---
id: "concept-bnn-vs-ann"
type: "concept"
source_timestamps: ["§ Decades of Marketing Science Built for a Different Customer"]
tags: ["marketing-science", "behavioral-economics", "persuasion", "artificial-neural-networks"]
related: ["claim-persuasion-science-gap", "concept-ai-engine-optimization"]
speakers: ["Kartik Hosanagar"]
definition: "The contrast between human consumers (BNNs) driven by psychological biases and AI agents (ANNs) driven by algorithmic weights, requiring entirely different marketing persuasion sciences."
sources: ["geo"]
sourceVaultSlug: "hbr-seg-geo"
originDay: 3
articleStem: "hbr-tier2-05-market-to-ai-customer"
sourceUrl: "https://hbr.org/2026/06/how-do-you-market-to-an-ai-customer"
sourceTitle: "How Do You Market to an AI Customer?"
---
# Biological vs. Artificial Neural Networks (BNNs vs. ANNs)

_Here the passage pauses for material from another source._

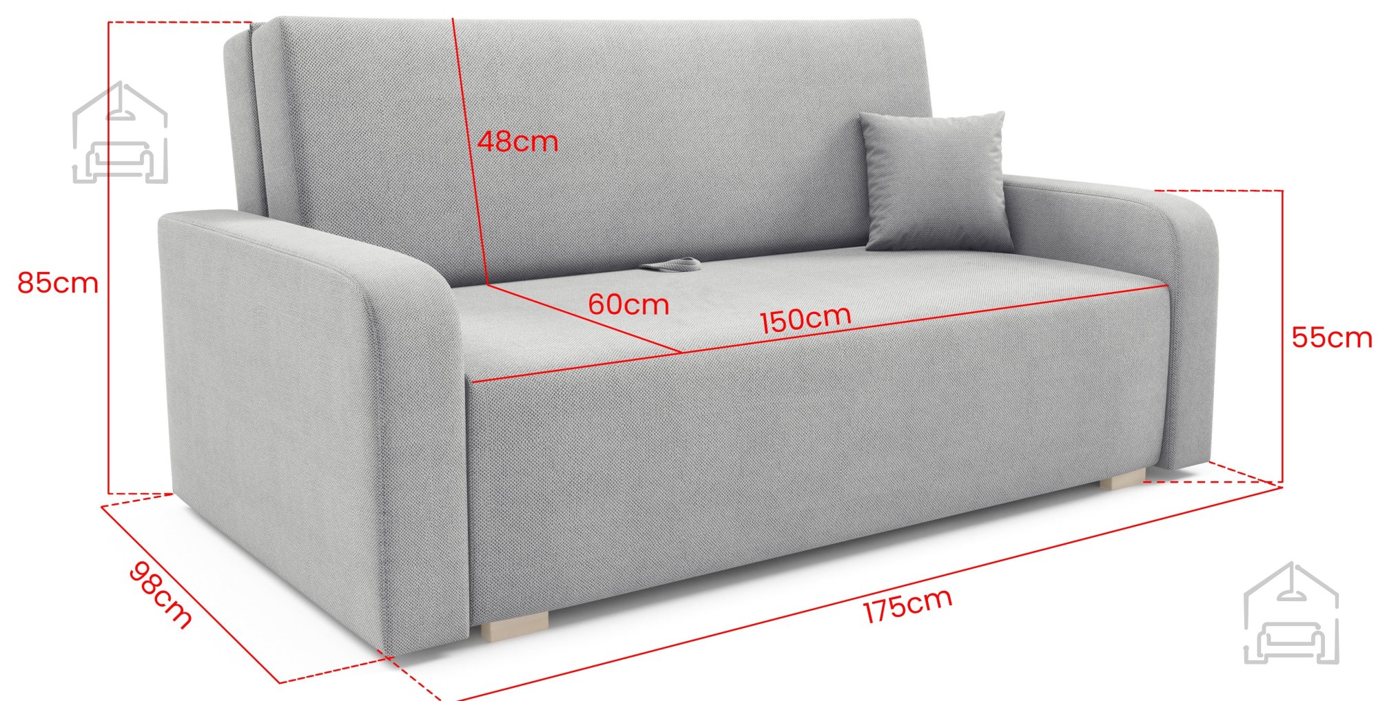 Wenn Sie auf der Suche nach einem bequemen und praktischen Zweisitzer sind, der sich im Handumdrehen in ein gemütliches Bett verwandeln lässt, ist das Modell Ness 4 – PKMebel eine hervorragende Wahl. Es verfügt über einen modernen Teleskop-Mechanismus, der das Ausziehen zu einer Liegefläche von 150x196 cm schnell und mühelos ermöglicht. Dank dieses durchdachten Systems verwandelt sich das Sofa in wenigen Augenblicken in ein komfortables Bett – ideal für den täglichen Gebrauch oder gelegentliche Übernachtungen.

A conceptual frame contrasting **human consumers — Biological Neural Networks (BNNs)** — with **AI agents — Artificial Neural Networks (ANNs)** — to argue that current marketing tactics are becoming obsolete for the new buyer.

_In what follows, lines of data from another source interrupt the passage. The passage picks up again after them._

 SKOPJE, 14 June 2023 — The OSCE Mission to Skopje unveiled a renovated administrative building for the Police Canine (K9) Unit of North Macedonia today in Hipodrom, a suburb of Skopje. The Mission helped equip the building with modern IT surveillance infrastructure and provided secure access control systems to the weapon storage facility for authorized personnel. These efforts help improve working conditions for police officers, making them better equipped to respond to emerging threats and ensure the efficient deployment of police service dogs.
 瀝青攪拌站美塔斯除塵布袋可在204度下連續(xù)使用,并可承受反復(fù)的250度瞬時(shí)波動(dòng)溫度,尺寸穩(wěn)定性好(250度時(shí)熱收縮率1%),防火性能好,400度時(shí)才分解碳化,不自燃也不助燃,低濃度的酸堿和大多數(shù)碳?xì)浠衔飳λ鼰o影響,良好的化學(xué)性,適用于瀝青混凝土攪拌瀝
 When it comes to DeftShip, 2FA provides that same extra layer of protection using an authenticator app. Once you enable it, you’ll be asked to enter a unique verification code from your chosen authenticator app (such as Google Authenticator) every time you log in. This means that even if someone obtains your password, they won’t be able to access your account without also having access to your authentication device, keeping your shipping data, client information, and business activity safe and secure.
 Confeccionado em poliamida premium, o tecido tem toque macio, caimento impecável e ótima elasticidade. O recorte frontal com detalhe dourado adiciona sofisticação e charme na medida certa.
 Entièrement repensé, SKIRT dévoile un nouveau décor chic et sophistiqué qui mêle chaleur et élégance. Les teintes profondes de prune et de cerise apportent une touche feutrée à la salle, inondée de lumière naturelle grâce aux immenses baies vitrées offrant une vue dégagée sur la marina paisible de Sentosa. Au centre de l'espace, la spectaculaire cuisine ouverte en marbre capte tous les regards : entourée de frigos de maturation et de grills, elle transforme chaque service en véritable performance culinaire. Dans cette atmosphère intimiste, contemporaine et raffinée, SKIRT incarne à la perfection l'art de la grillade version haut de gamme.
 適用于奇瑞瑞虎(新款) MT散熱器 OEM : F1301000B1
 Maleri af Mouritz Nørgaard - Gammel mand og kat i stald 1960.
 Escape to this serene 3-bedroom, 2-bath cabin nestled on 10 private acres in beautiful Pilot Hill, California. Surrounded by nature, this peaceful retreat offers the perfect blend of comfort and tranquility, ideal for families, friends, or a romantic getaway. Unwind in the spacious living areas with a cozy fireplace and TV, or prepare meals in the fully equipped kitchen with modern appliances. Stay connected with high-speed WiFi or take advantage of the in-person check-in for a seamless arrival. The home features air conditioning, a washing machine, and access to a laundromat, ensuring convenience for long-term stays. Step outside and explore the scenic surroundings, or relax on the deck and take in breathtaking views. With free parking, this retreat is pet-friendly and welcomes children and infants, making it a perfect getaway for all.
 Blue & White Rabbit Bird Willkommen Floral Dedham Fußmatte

Marketers have spent decades mastering BNN persuasion through **behavioral economics, consumer psychology, and neuromarketing** — leveraging tactics like **$19.99 charm pricing, social proof, scarcity, authority, loss aversion, and specific color/layout interactions**. [[entity-kartik-hosanagar]] argues ANNs are *"like a new species"* with entirely different biases, framing effects, and decision rules (see the quote [[quote-ann-new-species]]). Because ANNs do not respond to scarcity cues or visual layouts the way BNNs do, the existing science of human persuasion does not transfer — a new science of AI-agent communication must be built (see [[claim-persuasion-science-gap]] and the action [[action-develop-ai-persuasion]]).

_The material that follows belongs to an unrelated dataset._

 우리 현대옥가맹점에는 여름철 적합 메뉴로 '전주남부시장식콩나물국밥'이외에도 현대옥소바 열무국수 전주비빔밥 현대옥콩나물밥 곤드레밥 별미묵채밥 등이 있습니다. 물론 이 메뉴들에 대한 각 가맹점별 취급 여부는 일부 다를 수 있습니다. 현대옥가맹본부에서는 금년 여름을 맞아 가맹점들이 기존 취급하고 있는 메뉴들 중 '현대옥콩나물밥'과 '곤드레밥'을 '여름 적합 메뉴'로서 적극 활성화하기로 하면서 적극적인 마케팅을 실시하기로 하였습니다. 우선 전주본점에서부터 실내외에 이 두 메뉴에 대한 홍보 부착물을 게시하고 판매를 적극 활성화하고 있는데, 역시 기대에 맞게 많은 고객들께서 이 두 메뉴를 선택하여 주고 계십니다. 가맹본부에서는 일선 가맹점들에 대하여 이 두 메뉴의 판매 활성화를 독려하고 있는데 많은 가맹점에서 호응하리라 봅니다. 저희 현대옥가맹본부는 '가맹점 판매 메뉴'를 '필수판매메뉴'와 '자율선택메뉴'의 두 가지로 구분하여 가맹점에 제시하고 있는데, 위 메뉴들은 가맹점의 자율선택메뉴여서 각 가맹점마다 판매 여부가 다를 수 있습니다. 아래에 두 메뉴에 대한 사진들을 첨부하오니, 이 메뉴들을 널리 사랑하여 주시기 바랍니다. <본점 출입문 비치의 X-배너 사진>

This is also why [[concept-ai-engine-optimization|AI Engine Optimization (AEO)]] is insufficient: being *visible* to an ANN is not the same as *persuading* one.

*Enrichment note:* conceptually sound — ANNs are driven by objective functions, training-data distributions, and algorithmic optimization, not human affect (cf. Rahwan et al.'s "machine behavior," 2019). But it is **not yet empirically demonstrated at scale**: there is no large body of published work rigorously testing charm pricing, color, or scarcity on autonomous agents. **Counter-perspective:** because agents are often trained on human behavior and optimize for human satisfaction/purchase-likelihood, human-optimized signals (strong reviews, price competitiveness) may still matter *indirectly* — so treat this as a strong hypothesis, not settled fact.


## Related across articles
- [[concept-bot-psychology-d13]]
- [[concept-bot-psychology-d29]]
- [[claim-persuasion-science-gap]]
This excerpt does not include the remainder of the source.